Metformin inhibits activation of multiple lung RTKs and decreases levels of their circulating ligands. A, A/J mice were treated with metformin (250 mg/kg i.p. daily for three days). One hour after the last injection, lungs were harvested and snap-frozen. Lung lysates were analyzed using mouse phospho-RTK arrays (R&D Systems). B, densitometry was conducted for these arrays using ImageJ software to compare vehicle and metformin-treated samples. RTKs listed are those that exhibited at least a 40% decrease in signal and statistical significance (P < 0.05, n = 8). C, to confirm the RTK array results, Western blotting was conducted on parallel samples. D, plasma from these mice was also collected and growth factor levels were measured using the appropriate ELISA kit. E, A/J mice were exposed to NNK (100 mg/kg i.p. weekly for three weeks) to induce lung tumorigenesis and then treated with 5 mg/mL metformin in drinking water for 13 weeks. Immunoblotting of lung lysates was conducted for RTKs and downstream components of the Ras/Mek/Erk and Akt/mTOR pathways.
To confirm modulation of RTK activation, we analyzed RTK status after oral administration of metformin under conditions where lung tumorigenesis was inhibited (Fig. 2E). The same RTKs that were inhibited by short-term injection of metformin were also inhibited by 13 weeks of oral administration. However, the response of RTKs in lung tissues to oral metformin appeared to depend on administration of NNK. For example, oral administration of metformin for 13 weeks without NNK did not yield observable decreases in lung RTK phosphorylation (Supplementary Fig. S4). Because RTKs require Ras for signal propagation and NNK induces mutations in KRAS with subsequent mTOR activation, we analyzed the Ras/MEK/ERK and Akt/mTOR pathways in lungs from these mice. Oral metformin suppressed the formation of active, GTP-bound Ras, phosphorylation of MEK and ERK, and phosphorylation of Akt and S6 (a substrate of mTOR; Fig. 2E), indicating broad inhibition of RTK-stimulated signaling networks by metformin. Broad inhibition of local RTK signaling could create an unfavorable environment for the development and progression of NNK-induced lung tumors.

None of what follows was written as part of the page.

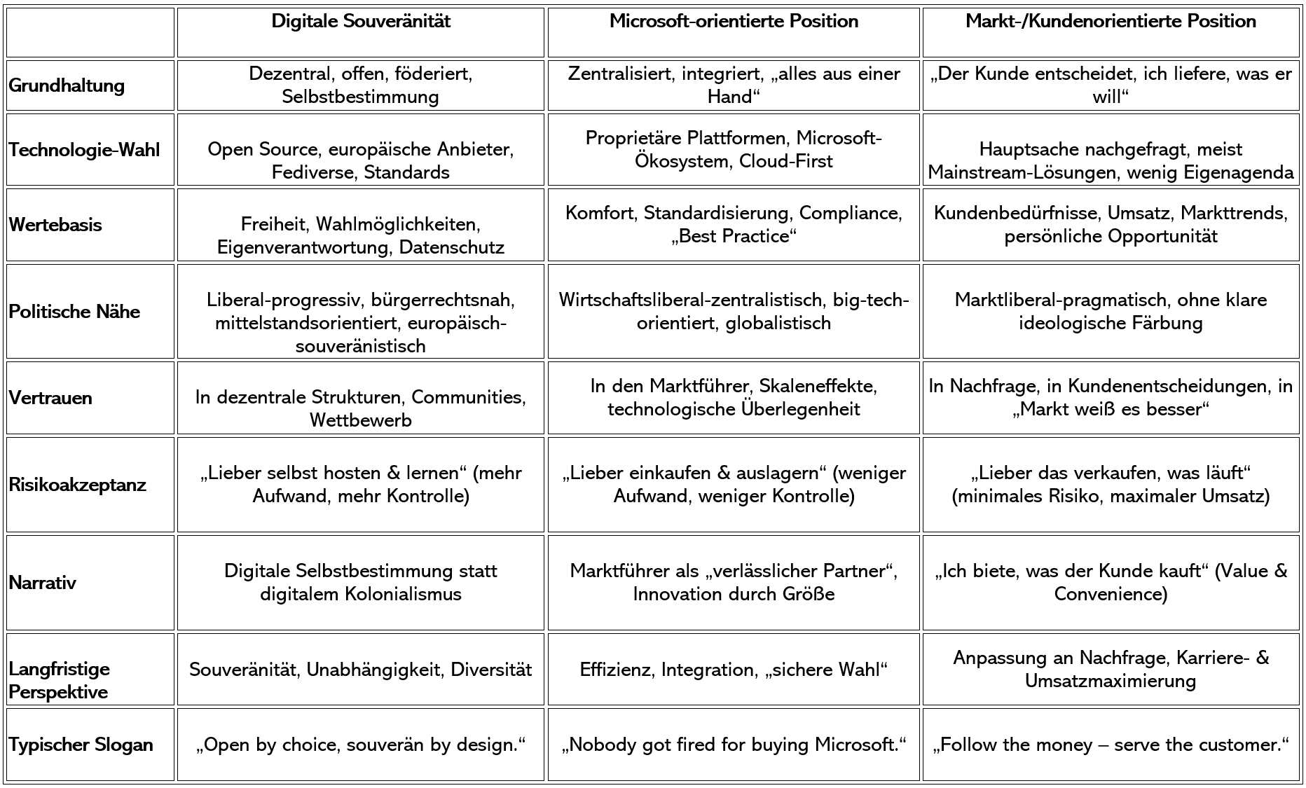 Heute nehme ich eine „rebellischere“ Haltung ein: Ich setze mich bewusst für digitale Souveränität, offene Standards, Wahlfreiheit sowie gegen Monopolstellungen ein. Auch innerhalb eines Umfelds, das überwiegend markt- und kundenorientiert arbeitet. Am Ende haben wir eben nicht nur eine Verantwortung in der IT Kosten zu sparen und die beste Lösung zu platzieren/zu wählen, wie ich bereits hier in meinem Artikel über ethische IT dargelegt habe.

Metformin decreases RTK activation in the absence of AMPK in vitro
AMPK is the best-studied molecular target of metformin; however, no changes in AMPK activation were observed in metformin-treated lungs. To investigate the dependence of RTK inhibition on AMPK, we analyzed RTK phosphorylation and downstream signaling in vitro using AMPK-deficient MEFs. Metformin inhibited phosphorylation of the 5 RTKs that were decreased by metformin in vivo (IGF-IR/IR, EGFR, VEGFR2, cMET, and FGFR). The Ras/Mek/Erk and Akt/mTOR pathways were also inhibited in a dose-dependent manner (Fig. 3). These studies confirm that RTK inhibition by metformin is independent of AMPK.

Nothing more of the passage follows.